There is no common difference in HP, as the difference between any two consecutive terms is not constant, but we can still calculate the difference for each pair of consecutive terms in the HP. For example, in the HP $\frac{1}{5}, \frac{1}{10}, \frac{1}{15}, \frac{1}{20}, …..$ the difference between $\frac{1}{5}$ and $\frac{1}{10}$ is $\frac{1}{5} - \frac{1}{10} = \frac{1}{10}$.

The number of terms (n):

As the name suggests, the number of terms of an HP is the total number of terms present in the progression or in the sequence. It is usually denoted as $n$.

For example, $\frac{1}{2}, \frac{1}{3}, \frac{1}{4}, \frac{1}{5}$ is an example of an HP, where the number of terms ($n$) is 4.

The general term of an HP

To solve the problems regarding an HP, we need to find its general term. The general term of an HP can also be expressed as the nth term of the HP. Let’s discuss this in more detail:

The nth term of HP:

We know that the nth term of an AP is $t_n = a + (n-1)d$, where the first term is $a$, the common difference is $d$, and the number of terms is $n$.

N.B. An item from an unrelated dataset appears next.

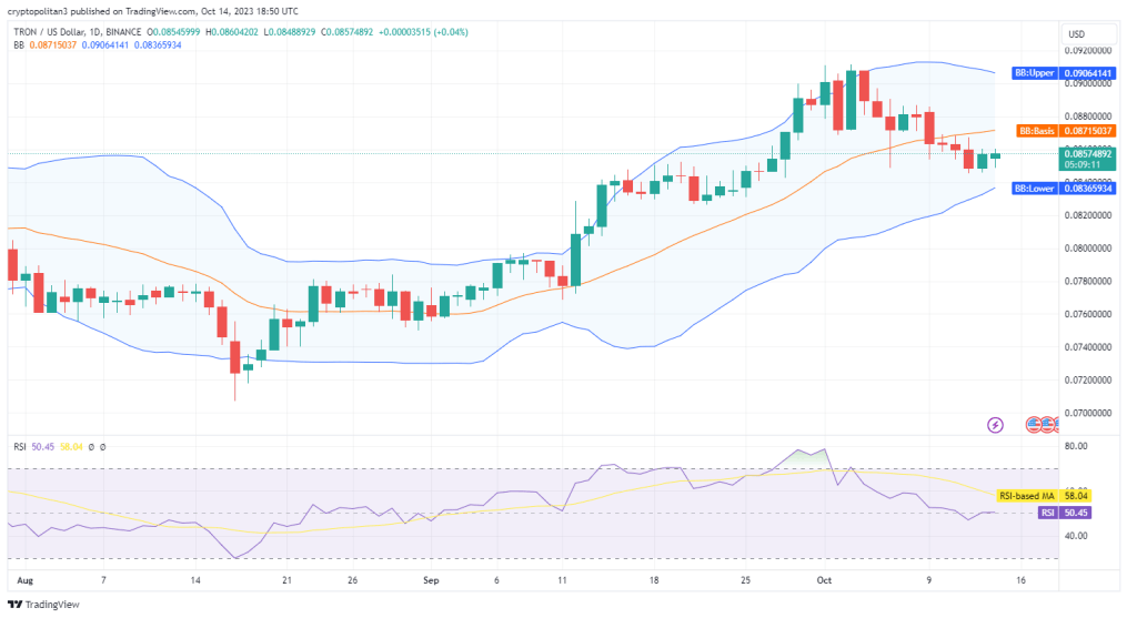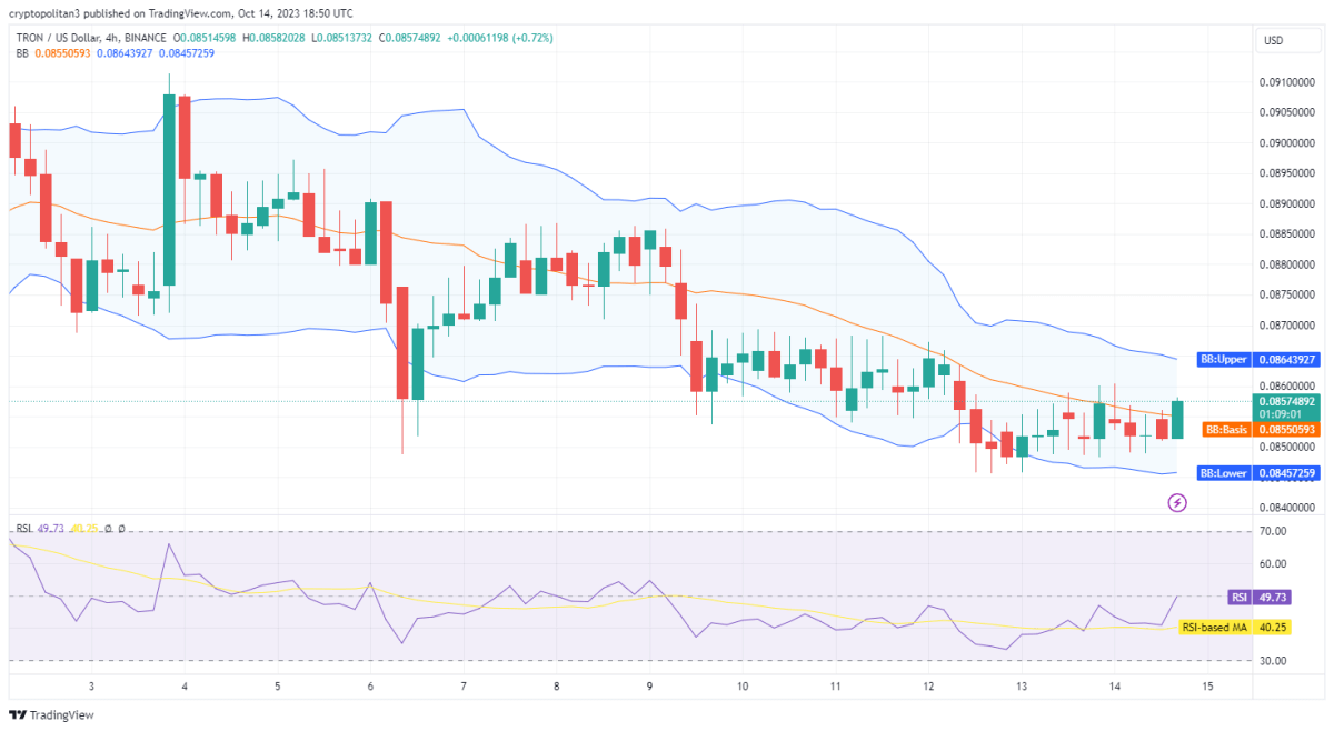 The latest one-day and four-hour Tron price analysis for 14 October 2023 shows signs of a growing bullish trend. The cryptocurrency has been exhibiting a bullish tendency since the past two days, as the buying pressure is intensifying. Although the market remained under huge bearish slump earlier, today TRX/USD value increased up to $0.0857 high. Further hike in upward momentum can be expected in the next couple of days.

Again, the nth term of an HP is equal to the reciprocal of the nth term of the corresponding AP.

So, the nth term of an HP is $t_n = \frac{1}{a + (n-1)d}$, where $a$ is the reciprocal of the first term, $d$ is the common difference of the reciprocal of the terms, and $n$ is the number of terms.

The sum of n terms of an HP

The sum of n terms an HP is $S_n = \frac{1}{d}\log{\frac{2a + (2n-1)d}{2a - d}}$, where $a$ is the reciprocal of the first term and $d$ is the common difference of the reciprocal of the terms.

List of Harmonic Progression formulas

Harmonic mean

The harmonic mean (HM) is a type of average, typically used when the average of rates or ratios is desired. It is especially useful in cases where the numbers are defined in relation to some unit (e.g., speed, density). It is calculated as the reciprocal of the arithmetic mean of the reciprocals of the given values.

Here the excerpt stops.